→ WHAT THE TASK REQUIRES:
In the records below, find the line with "work 6-8 hours." and repeat it and every line after it, exactly, without any pictures.

==*==

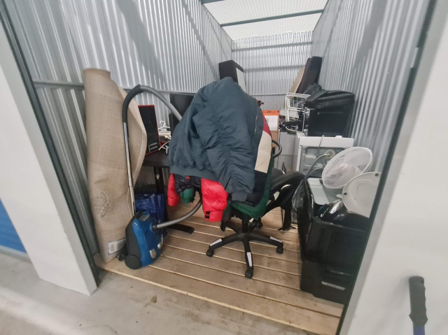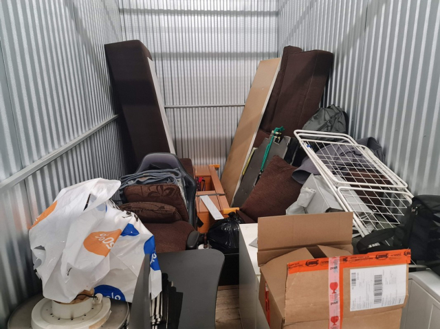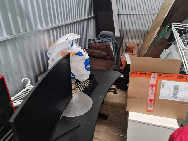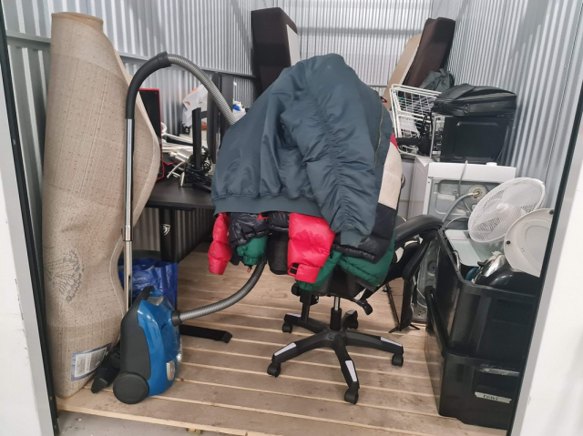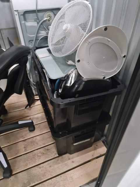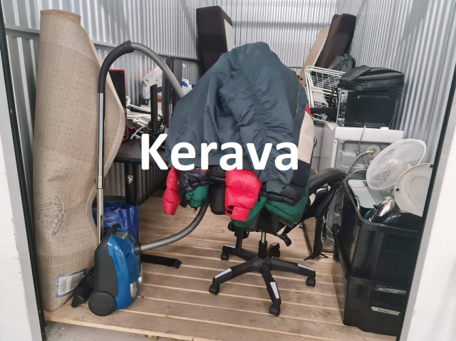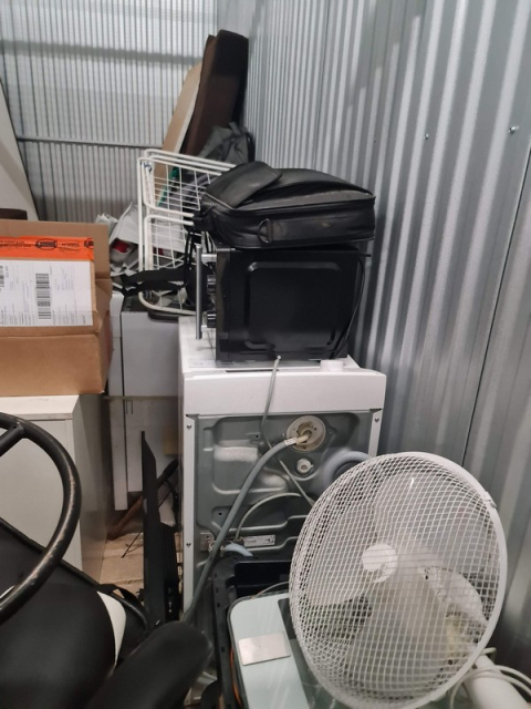 Myydään huutokaupalla kuvassa näkyvän varaston sisältö, vuokranantajan / haltijan lukuun.
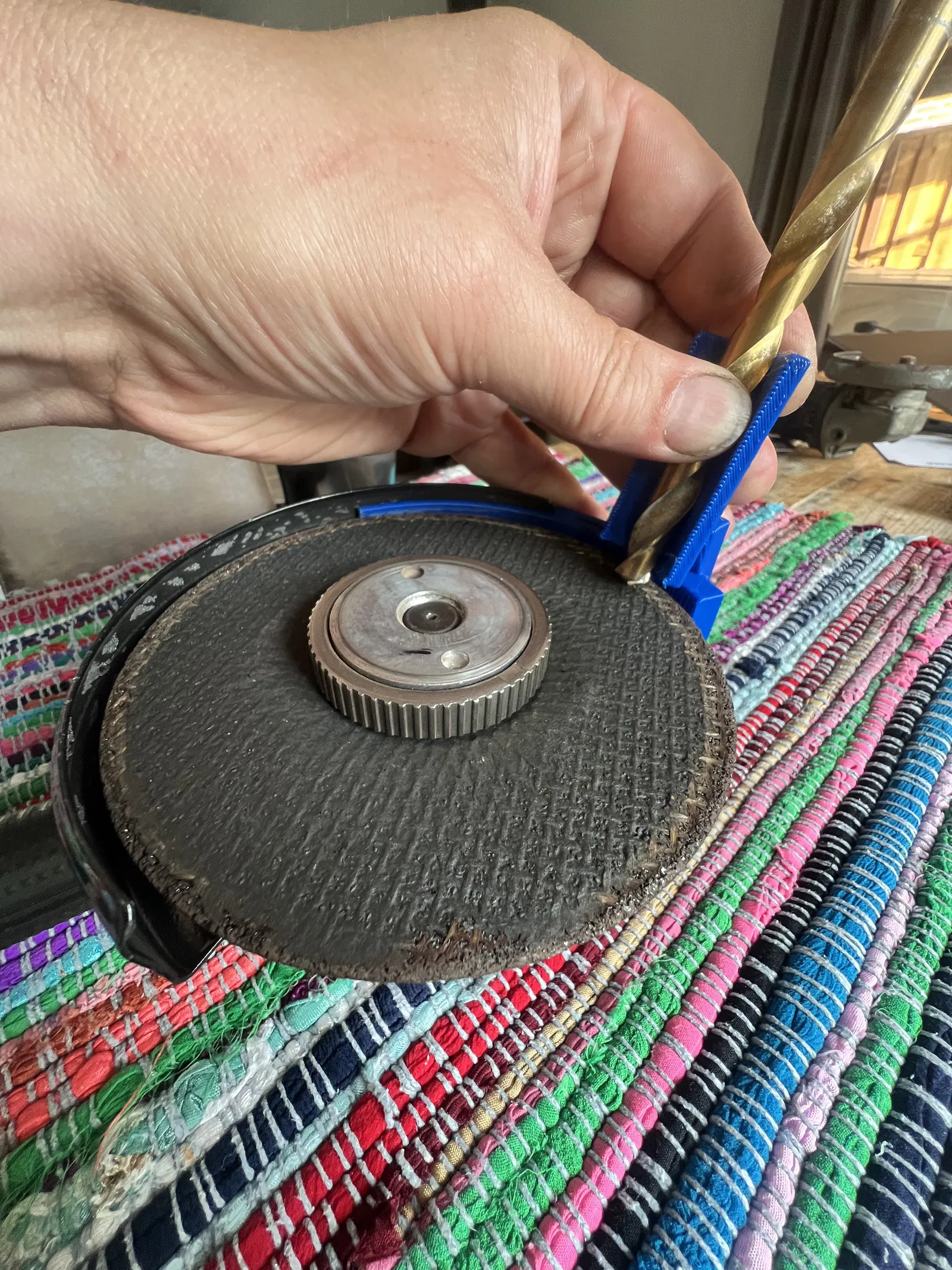 Dụng cụ hỗ trợ mài mũi khoan cực tiện lợi, chỉ cần gắn vào phần bảo vệ của máy mài góc 125mm. Một giải pháp đơn giản giúp bạn tự tay mài lại các mũi khoan cũ mà không cần thêm phụ kiện cầu kỳ.
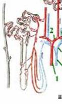 | Дальнейший ход кровотока: vas eff. → капилляры канальцев (7) → звёздчатые венулы (8) → междольковые вены (9) → дуговые в. (10) → междолевые в. (11) → почечная вена. | В данной системе vas eff. продолжается в прямую артериолу, идущую за петлёй Г. в мозг. в-во. От неё-то и отходят капилляры канальцев. Они собираются в прямую венулу, кот. впадает сразу в дуговую вену. | |||||
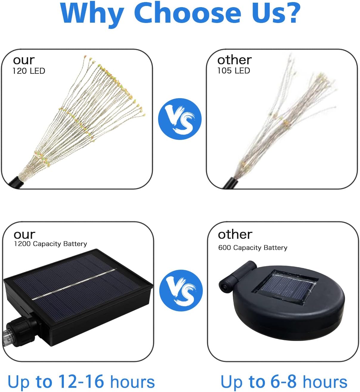 • [Continuous Lighting For 12~16h] While most brands use 600 capacity battery, Unihoh solar garden fireworks lights are equipped with 1200 ultra-large capacity rechargeable battery, which is able to provide 12-16 hours of continuous lighting after 4-6 hours of full charge while others can only work 6-8 hours.
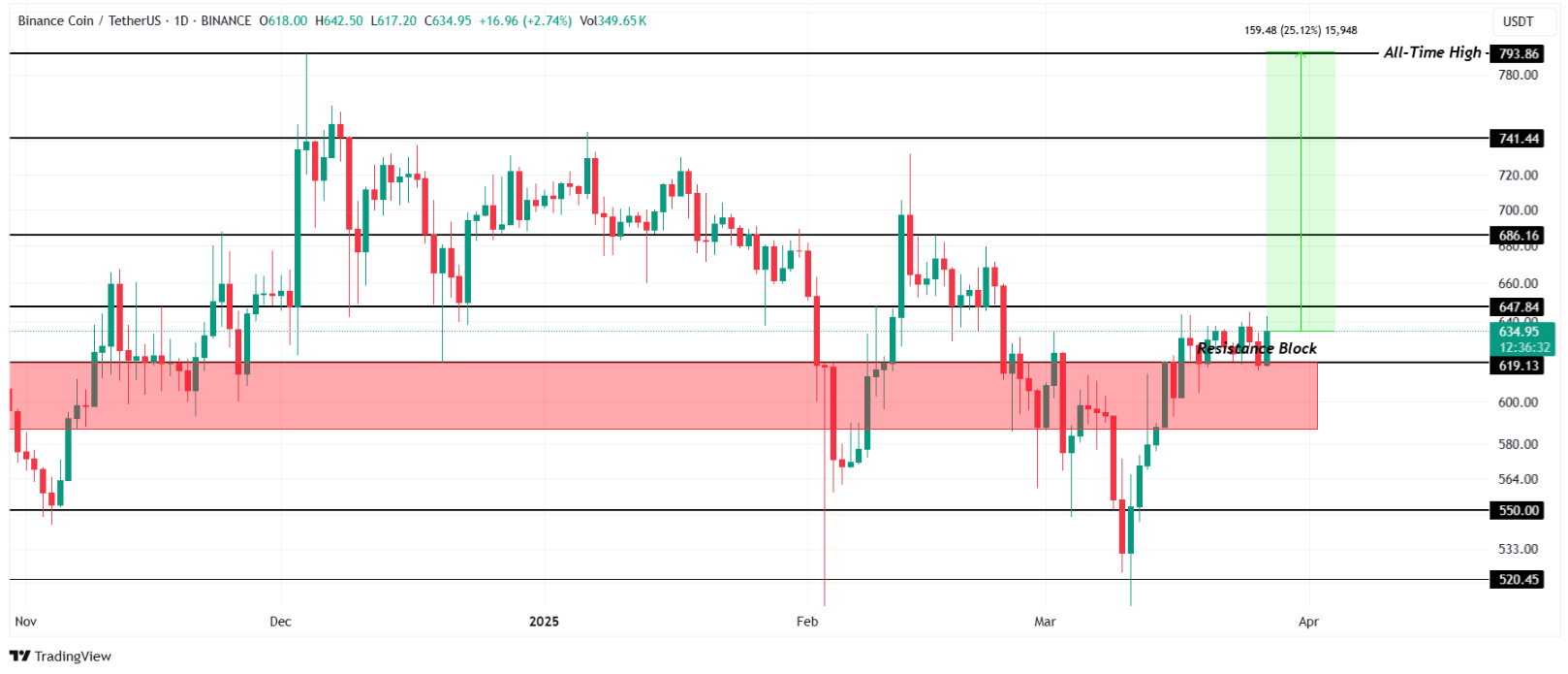 Şu anda BNB, 587-619 dolar arasındaki önemli destek bloğunun üzerinde kalmayı başarıyor. Eğer genel piyasa toparlanırsa, BNB’nin Nisan ayı içinde yeni bir ATH denemesi mümkün olabilir. Fakat 647 dolar direncinin aşılamaması hâlinde, BNB fiyatı yeniden 619 doların altına düşebilir ve bu da yükseliş senaryosunu boşa çıkarabilir.

==*==

→ TASK RESULT:
 • [Continuous Lighting For 12~16h] While most brands use 600 capacity battery, Unihoh solar garden fireworks lights are equipped with 1200 ultra-large capacity rechargeable battery, which is able to provide 12-16 hours of continuous lighting after 4-6 hours of full charge while others can only work 6-8 hours.
 Şu anda BNB, 587-619 dolar arasındaki önemli destek bloğunun üzerinde kalmayı başarıyor. Eğer genel piyasa toparlanırsa, BNB’nin Nisan ayı içinde yeni bir ATH denemesi mümkün olabilir. Fakat 647 dolar direncinin aşılamaması hâlinde, BNB fiyatı yeniden 619 doların altına düşebilir ve bu da yükseliş senaryosunu boşa çıkarabilir.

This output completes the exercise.